Egan tries another such visual coup at the end of the play, with Hedda’s body posed in front of a white wall, emblazoned with a spume of dripping blood. But it falls flat, because by now this Hedda can’t be seen as anything more than a foolish meddler who got in over her head. An interesting “Hedda Gabler” could be staged to that thesis, but this production’s signals are all going the other way.

The problem is Mulgrew, as sturdy and as straightforward an actress as her name. She was born to play St. Joan, Major Barbara, Antigone or anyone Irish. Smoky, devious, complicated people like Hedda are not her line. That’s not to say that she fails to cut a fine figure on the stage or fails to make us listen to her, but her clarity belies Hedda’s kinks.

This Hedda looks too sensible to be Hedda. While presenting herself as a creature who doesn’t dare to taste life, though seething to do so, this Hedda seems quite at home in her skin and perfectly able to give any man--let alone woman--as good as she gets.

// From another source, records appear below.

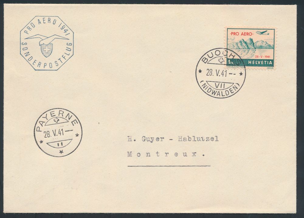 4372 image28.5.1941 Pro Aero Flight cover addressed to Montreux and flown between Buochs and Payerne, franked with the overprinted stamp issued for this flight (SBK F35), flight cachet at upper left, vf(Image 1) (Image 2)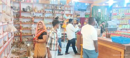 रोडवेज के पास गायत्री मंदिर में सजी दुकान से पूजन सामग्री की खरीदारी करते लोग संवाद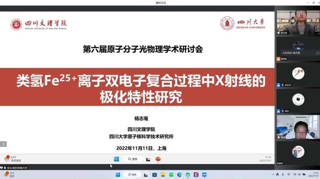 代表学校在第六届原子分子光物理学术会议上作线上报告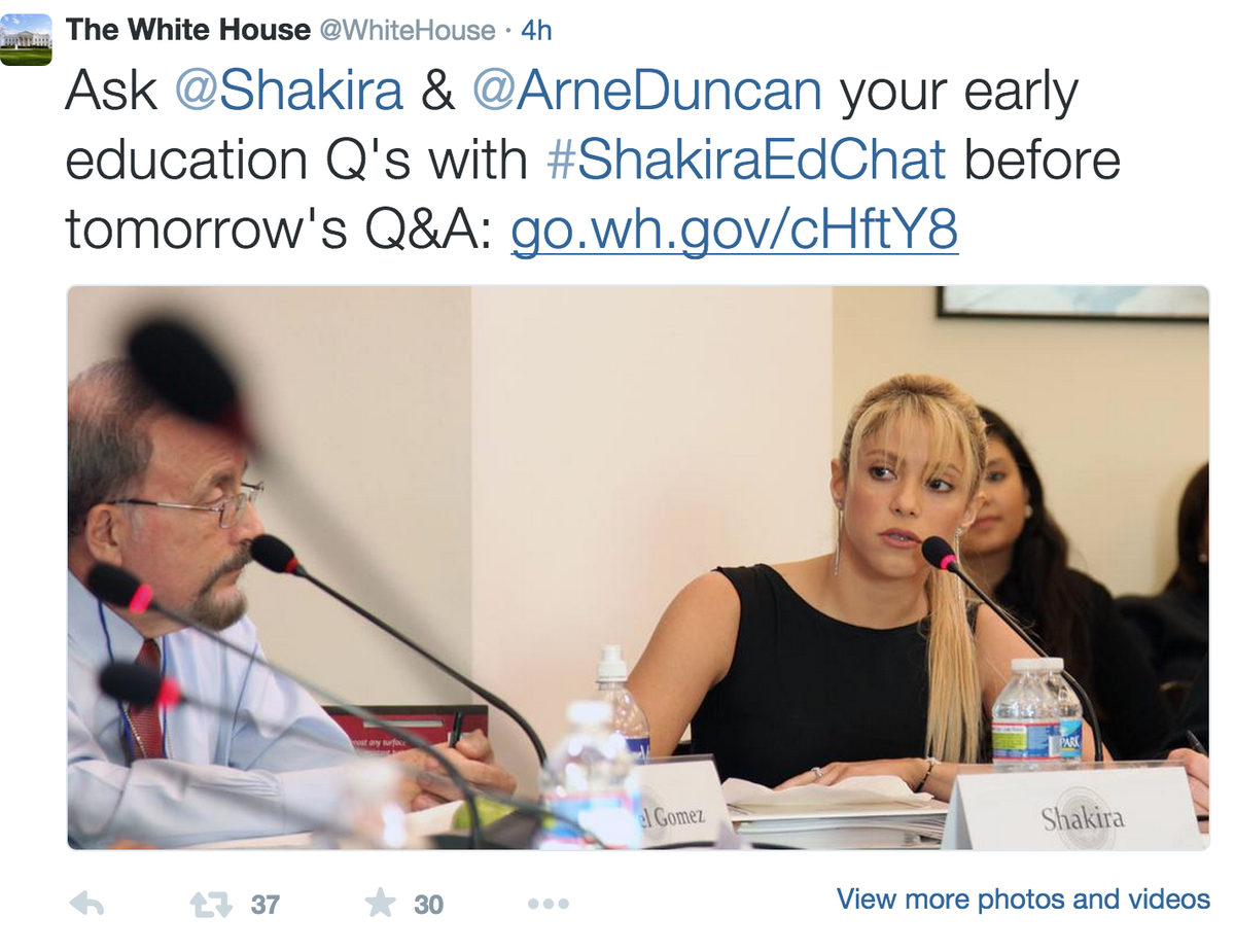 @jeanniology@shakira@WhiteHouse No, I'm talking about the#shakiraedchat happening tomorrow along with the Early Childhood Summit. -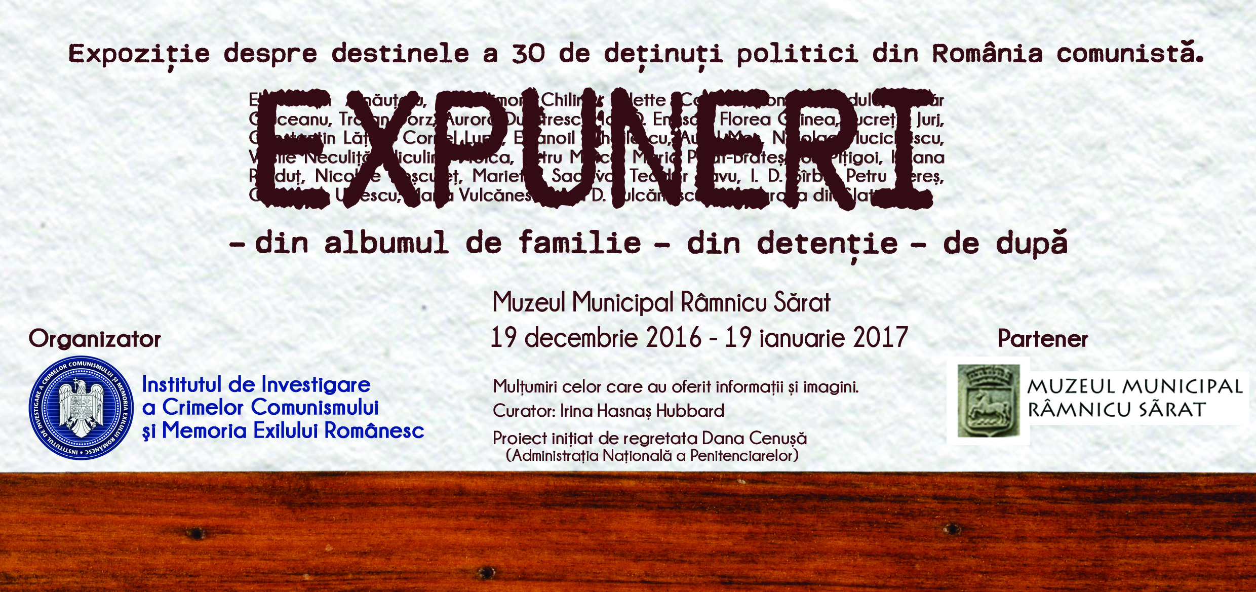 Institutul de Investigare a Crimelor Comunismului şi Memoria Exilului Românesc (IICCMER) a organizat luni, 19 decembrie 2016, la Muzeul Municipal Râmnicu Sărat, vernisajul expoziţiei EXPUNERI, care surprinde destinele unor foști deținuți politici din România comunistă în fotografii din albumul de familie, din detenție şi de după eliberare. Proiectul a fost iniţiat de regretata Dana Cenuşă (Administraţia Naţională a Penitenciarelor).

There’s no torment here. This Hedda dabbles in other people’s lives for amusement, and her only problem is that she’s not as good at it as she thinks--certainly no match for the cynical Judge Brack (Dakin Matthews). Having lost her match with him, it’s hard to see her committing suicide. She’d probably laugh and wait for the next round.

Advertisement

Mulgrew would make a terrific straightforward rapscallion (Regina in “The Little Foxes”), but she doesn’t convince as someone drowning in a sea of half-suppressed, half-wished-for desires. She doesn’t make us feel Hedda’s shadows--strange, in a production so full of them. (Martin Aronstein did the lighting.)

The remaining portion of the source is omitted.